METHODS: Initially, we determined the antigenic potential of late (L1 and L2) and early (E1, E2, E4, E5, E6, and E7) proteins. Then, major histocompatibility complex class I-restricted CD8+ T-cell epitopes were selected based on their immunogenicity. In addition, epitope conservancy, population coverage (PC), and target receptor-binding affinity of the immunogenic epitopes were determined. Moreover, we predicted the possible CD8+, nested interferon gamma (IFN-γ)-producing CD4+, and linear B-cell epitopes. Further, antigenicity, allergenicity, immunogenicity, and system biology-based virtual pathway associated with cervical cancer were predicted to confirm the therapeutic efficiency of overlapped epitopes.
RESULTS: Twenty-seven immunogenic epitopes were found to exhibit cross-protection (≥55%) against the 15 high-risk HPV strains (16, 18, 31, 33, 35, 39, 51, 52, 56, 58, 59, 68, 69, 73, and 82). The highest PC was observed in Europe (96.30%), North America (93.98%), West Indies (90.34%), North Africa (90.14%), and East Asia (89.47%). Binding affinities of 79 docked complexes observed as global energy ranged from -10.80 to -86.71 kcal/mol. In addition, CD8+ epitope-overlapped segments in CD4+ and B-cell epitopes demonstrated that immunogenicity and IFN-γ-producing efficiency ranged from 0.0483 to 0.5941 and 0.046 to 18, respectively.
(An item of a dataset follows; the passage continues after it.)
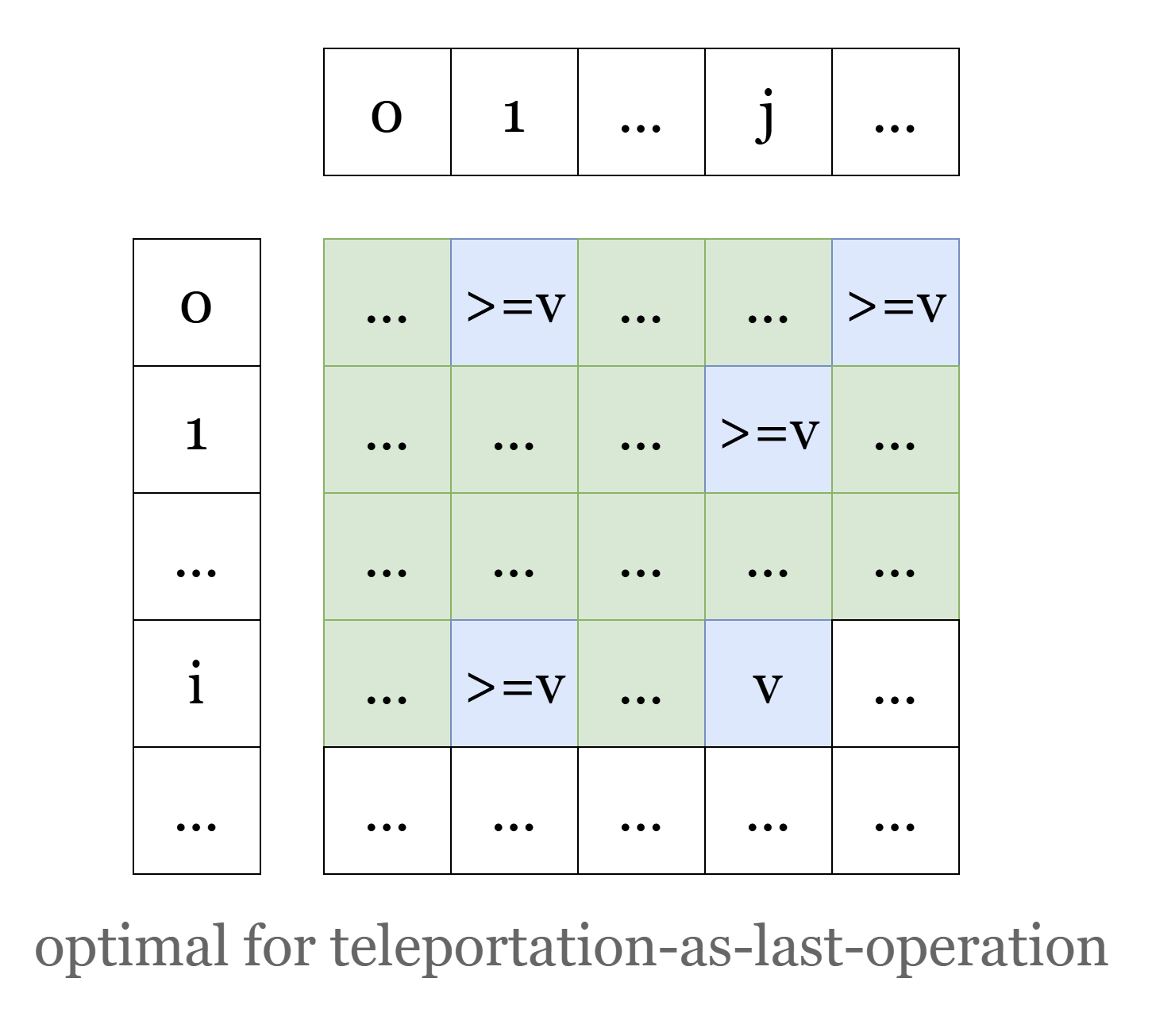 For example, still consider sub-question [layer][i][j], as the image show, let’s say all the green nodes have nodes weight , and all the blue nodes have weight , then the optimal value for “teleportation-as-last-operation” transfer should be the min value of the sub-question of those blue-highlighted nodes in layer layer - 1.

Further, time core simulation revealed the overlapped epitopes involved in pRb, p53, COX-2, NF-X1, and HPV45 infection signaling pathways.
CONCLUSION: Even though the results of this study need to be confirmed by further experimental peptide sensitization studies, the findings on immunogenic and IFN-γ-producing CD8+ and overlapped epitopes provide new insights into HPV vaccine development.

Introduction

Human papillomavirus (HPV) is an oncogenic, mucosa-infecting, and etiologic agent that causes over 90% of cases of cervical cancer in the world.1,2 The genome of HPV consists of three regions, viz, noncoding region (extended control), and nonstructural (E1–E7) and structural regions (L1, L2) of the open reading frames.3,4 Briefly, E1 protein is the ATP-dependent DNA helicase which is involved in replication. E2 protein acts as a regulator of viral gene transcription and genome replication. E4 and E5 proteins are involved in the early and late phases of the virus life cycle and immune modulation. E6 and E7 proteins are involved in cell differentiation and targeting numerous negative regulators of the cell cycle (tumor suppressor genes p105Rb and p53). The assemblage of L1 and L2 proteins in capsomers results in the formation of icosahedral capsids around the viral genetic material during formation of progeny.5,6 Identification of CD8+ antigenic determinants is crucial in vaccine development.7 Cytotoxic T lymphocytes (CTLs) are also known as killer cells or CD8 cells matured from the thymus of a specific primary lymphoid organ of the human immune system. CD8+ T cells play a vital role in cell-mediated immune responses against invading intracellular foreign substances like viruses.8 In addition to CD8+ T cells, the peptides of CD4+ T cells are presented on major histocompatibility complex (MHC) class II, which are located in the antigen-presenting cells (APCs), to trigger immune response. Therefore, CD4+ cells are also known as T helper (Th) cells. Initially, APC identifies the pathogen-associated molecular pattern by toll-like receptors (TLRs) which results in the cleavage of antigen into small fragments. Then, MHC class II peptides complex activates the naive CD4+ Th cells and triggers CD8+-mediated cellular immune response or B cell-mediated humoral immune response. Interestingly, when the antigen complexes with MHC class I directly, it results in CD8+-mediated cellular immune response.9,10 The detection of CTL epitopes and the stimulation of immune response play a critical role in an individual’s immune system.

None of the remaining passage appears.